→ Exercise details
Set down each line of the data exactly, but not the pictures.

The data START

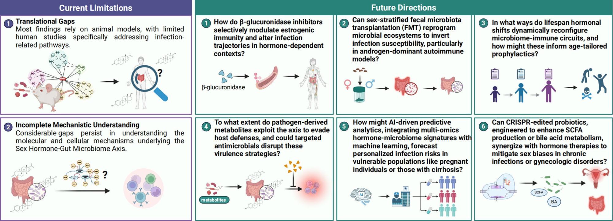 该综述依托课题组近期发表于 Nature Medicine 的沙门菌感染研究成果(doi: 10.1038/s41591-025-03644-4),整合了流行病学证据、动物模型机制研究及早期临床观察,指出现阶段人类研究和分子机制层面仍存在显著知识缺口,并提出未来研究应结合 AI、CRISPR 微生物组编辑以及性别特异 FMT 等研究方向,以推动感染性疾病和免疫性疾病的精准医学发展。
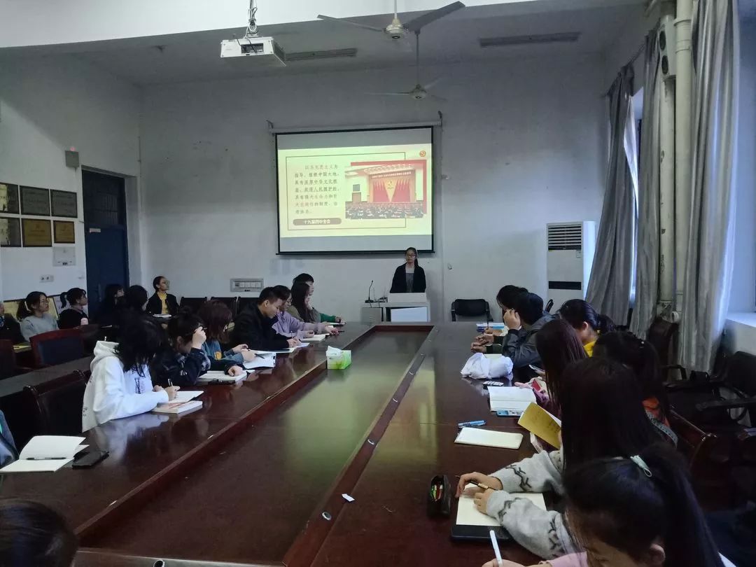 2019�11�15日,我院团校第五期学生干部培训班在志廉楼136会议室开展集中学习十九届四中全会精神主题团课。此次团课特别邀请我校习近平新时代中国特色社会主义思想学生研习会宣讲团前来授课�
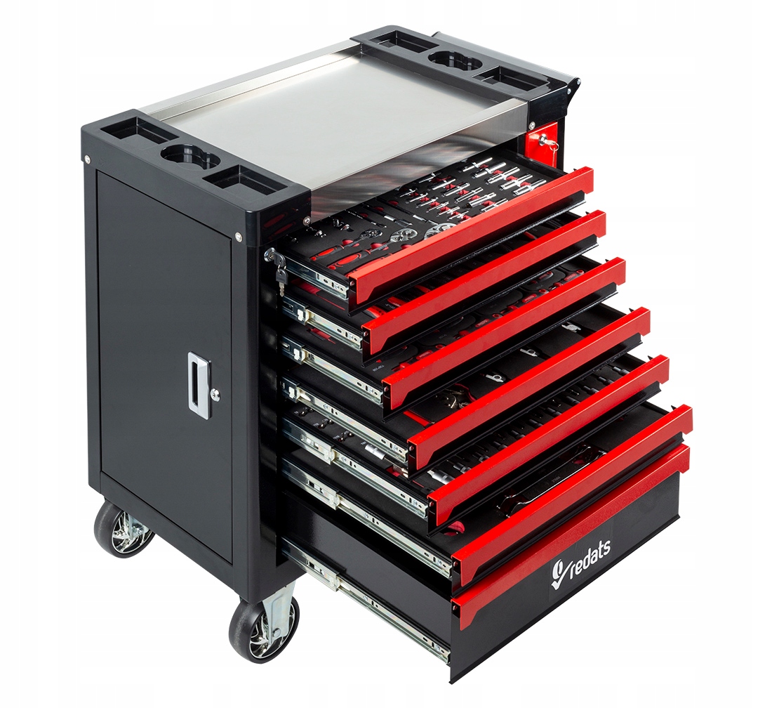 W pełni wyposażony wózek wesprze Cię przy naprawach. Gdy auto zawiśnie na podnośniku, a Tobie brakuje jakiegoś klucza czy przedłużki. Mając wózek ustawiony koło podnośnika, masz wszystko pod ręką. A w tym wózku masz niemalże pełny zestaw rzeczy, które mogą się przydać
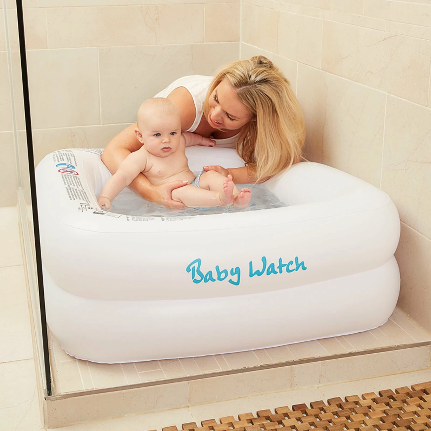 Babybaden geht auch ohne Badewanne. Mit diesem praktischen Babywatch-Pool in Weiß. Aufgeblasen hat er eine Stellfläche von ca. 85 x 85 cm, die Sie in die Dusche oder auf den Badboden stellen können. Im Sommer können Sie ihn auch auf dem Balkon oder der Terrasse nutzen. Das Baby wird es sehr bequem haben, da der Boden ebenfalls aufblasbar ist. Praktisch ist das Ablassventil im Boden, so dass der Pool nicht gekippt werden muss, um ihn zu leeren.

The data END

→ Answer area
 该综述依托课题组近期发表于 Nature Medicine 的沙门菌感染研究成果(doi: 10.1038/s41591-025-03644-4),整合了流行病学证据、动物模型机制研究及早期临床观察,指出现阶段人类研究和分子机制层面仍存在显著知识缺口,并提出未来研究应结合 AI、CRISPR 微生物组编辑以及性别特异 FMT 等研究方向,以推动感染性疾病和免疫性疾病的精准医学发展。
 2019�11�15日,我院团校第五期学生干部培训班在志廉楼136会议室开展集中学习十九届四中全会精神主题团课。此次团课特别邀请我校习近平新时代中国特色社会主义思想学生研习会宣讲团前来授课�
 W pełni wyposażony wózek wesprze Cię przy naprawach. Gdy auto zawiśnie na podnośniku, a Tobie brakuje jakiegoś klucza czy przedłużki. Mając wózek ustawiony koło podnośnika, masz wszystko pod ręką. A w tym wózku masz niemalże pełny zestaw rzeczy, które mogą się przydać
 Babybaden geht auch ohne Badewanne. Mit diesem praktischen Babywatch-Pool in Weiß. Aufgeblasen hat er eine Stellfläche von ca. 85 x 85 cm, die Sie in die Dusche oder auf den Badboden stellen können. Im Sommer können Sie ihn auch auf dem Balkon oder der Terrasse nutzen. Das Baby wird es sehr bequem haben, da der Boden ebenfalls aufblasbar ist. Praktisch ist das Ablassventil im Boden, so dass der Pool nicht gekippt werden muss, um ihn zu leeren.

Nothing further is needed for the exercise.